[Stored records]
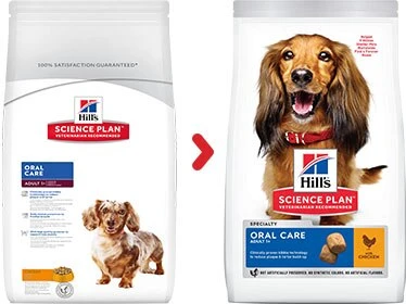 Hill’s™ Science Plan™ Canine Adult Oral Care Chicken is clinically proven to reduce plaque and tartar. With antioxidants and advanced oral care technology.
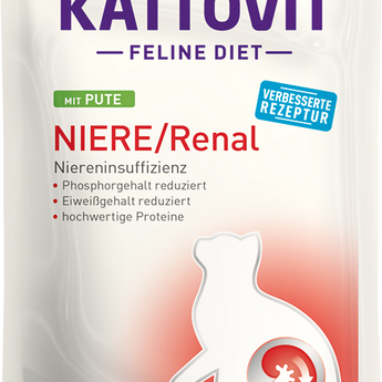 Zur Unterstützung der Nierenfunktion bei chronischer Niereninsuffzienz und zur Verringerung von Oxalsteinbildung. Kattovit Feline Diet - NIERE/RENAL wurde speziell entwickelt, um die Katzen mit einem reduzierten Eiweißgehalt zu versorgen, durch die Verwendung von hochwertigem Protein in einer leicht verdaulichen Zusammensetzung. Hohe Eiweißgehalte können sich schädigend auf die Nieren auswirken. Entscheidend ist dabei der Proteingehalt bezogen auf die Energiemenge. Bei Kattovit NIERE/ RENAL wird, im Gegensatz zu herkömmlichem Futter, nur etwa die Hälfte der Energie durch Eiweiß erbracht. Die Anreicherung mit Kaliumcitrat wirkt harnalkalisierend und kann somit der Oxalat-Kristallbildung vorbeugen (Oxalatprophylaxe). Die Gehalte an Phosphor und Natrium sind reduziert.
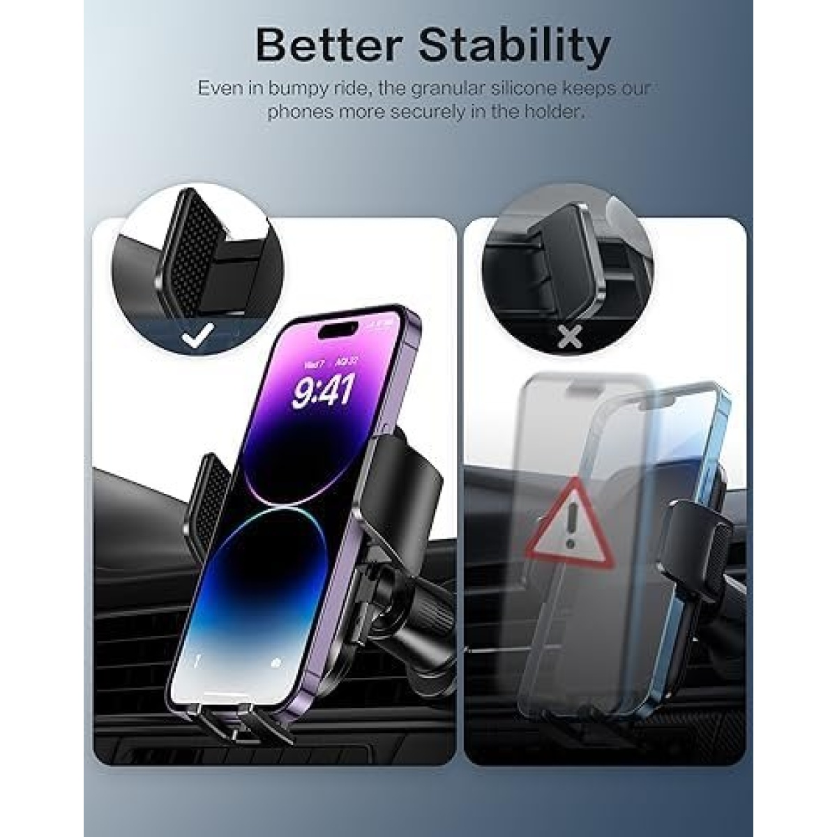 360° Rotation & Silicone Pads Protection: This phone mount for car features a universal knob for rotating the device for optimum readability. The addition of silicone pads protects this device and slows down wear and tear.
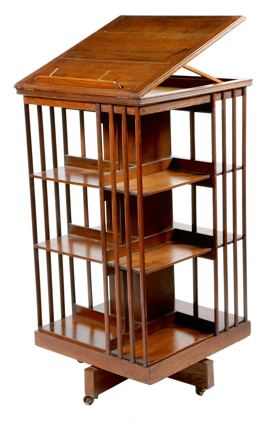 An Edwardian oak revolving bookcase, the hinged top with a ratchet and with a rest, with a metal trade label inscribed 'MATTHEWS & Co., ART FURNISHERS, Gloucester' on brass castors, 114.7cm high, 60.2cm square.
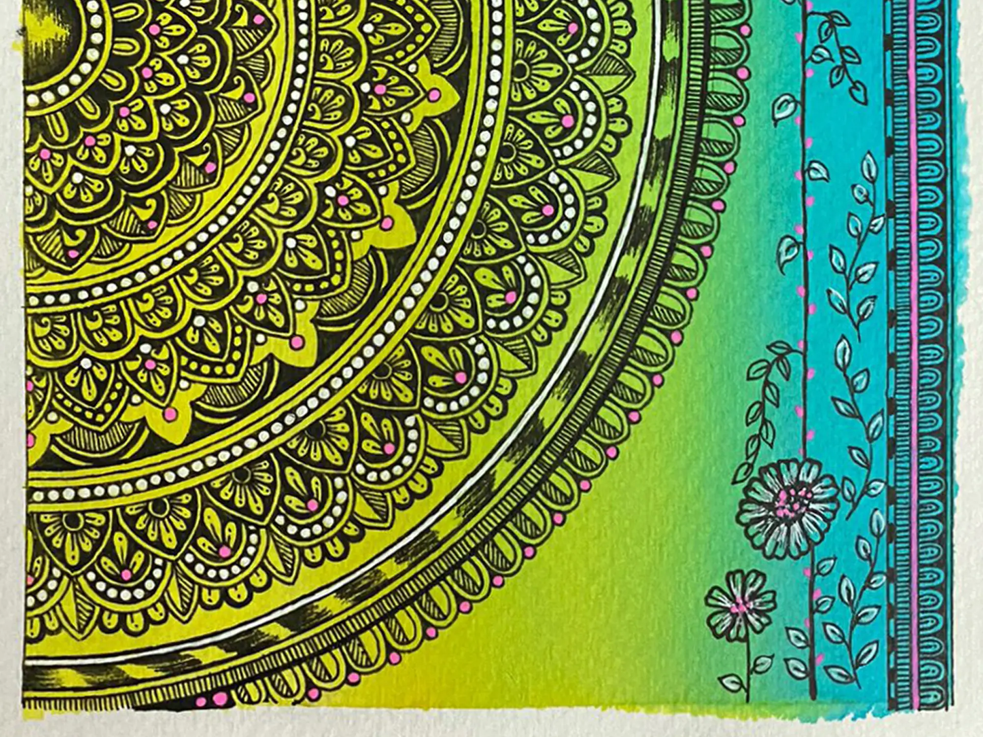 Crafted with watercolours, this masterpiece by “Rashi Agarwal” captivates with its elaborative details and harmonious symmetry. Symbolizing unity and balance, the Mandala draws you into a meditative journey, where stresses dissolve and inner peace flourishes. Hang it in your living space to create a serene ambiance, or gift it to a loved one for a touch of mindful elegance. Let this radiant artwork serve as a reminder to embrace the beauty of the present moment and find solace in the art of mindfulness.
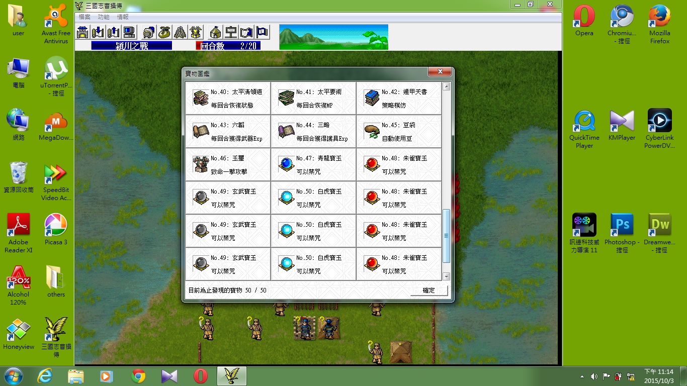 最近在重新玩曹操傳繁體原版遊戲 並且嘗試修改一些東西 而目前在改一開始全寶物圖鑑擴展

**PROMPT:** All of the entries above should be duplicated exactly, except for the pictures.

**RESPONSE TO THE EXERCISE:**
 Hill’s™ Science Plan™ Canine Adult Oral Care Chicken is clinically proven to reduce plaque and tartar. With antioxidants and advanced oral care technology.
 Zur Unterstützung der Nierenfunktion bei chronischer Niereninsuffzienz und zur Verringerung von Oxalsteinbildung. Kattovit Feline Diet - NIERE/RENAL wurde speziell entwickelt, um die Katzen mit einem reduzierten Eiweißgehalt zu versorgen, durch die Verwendung von hochwertigem Protein in einer leicht verdaulichen Zusammensetzung. Hohe Eiweißgehalte können sich schädigend auf die Nieren auswirken. Entscheidend ist dabei der Proteingehalt bezogen auf die Energiemenge. Bei Kattovit NIERE/ RENAL wird, im Gegensatz zu herkömmlichem Futter, nur etwa die Hälfte der Energie durch Eiweiß erbracht. Die Anreicherung mit Kaliumcitrat wirkt harnalkalisierend und kann somit der Oxalat-Kristallbildung vorbeugen (Oxalatprophylaxe). Die Gehalte an Phosphor und Natrium sind reduziert.
 360° Rotation & Silicone Pads Protection: This phone mount for car features a universal knob for rotating the device for optimum readability. The addition of silicone pads protects this device and slows down wear and tear.
 An Edwardian oak revolving bookcase, the hinged top with a ratchet and with a rest, with a metal trade label inscribed 'MATTHEWS & Co., ART FURNISHERS, Gloucester' on brass castors, 114.7cm high, 60.2cm square.
 Crafted with watercolours, this masterpiece by “Rashi Agarwal” captivates with its elaborative details and harmonious symmetry. Symbolizing unity and balance, the Mandala draws you into a meditative journey, where stresses dissolve and inner peace flourishes. Hang it in your living space to create a serene ambiance, or gift it to a loved one for a touch of mindful elegance. Let this radiant artwork serve as a reminder to embrace the beauty of the present moment and find solace in the art of mindfulness.
 最近在重新玩曹操傳繁體原版遊戲 並且嘗試修改一些東西 而目前在改一開始全寶物圖鑑擴展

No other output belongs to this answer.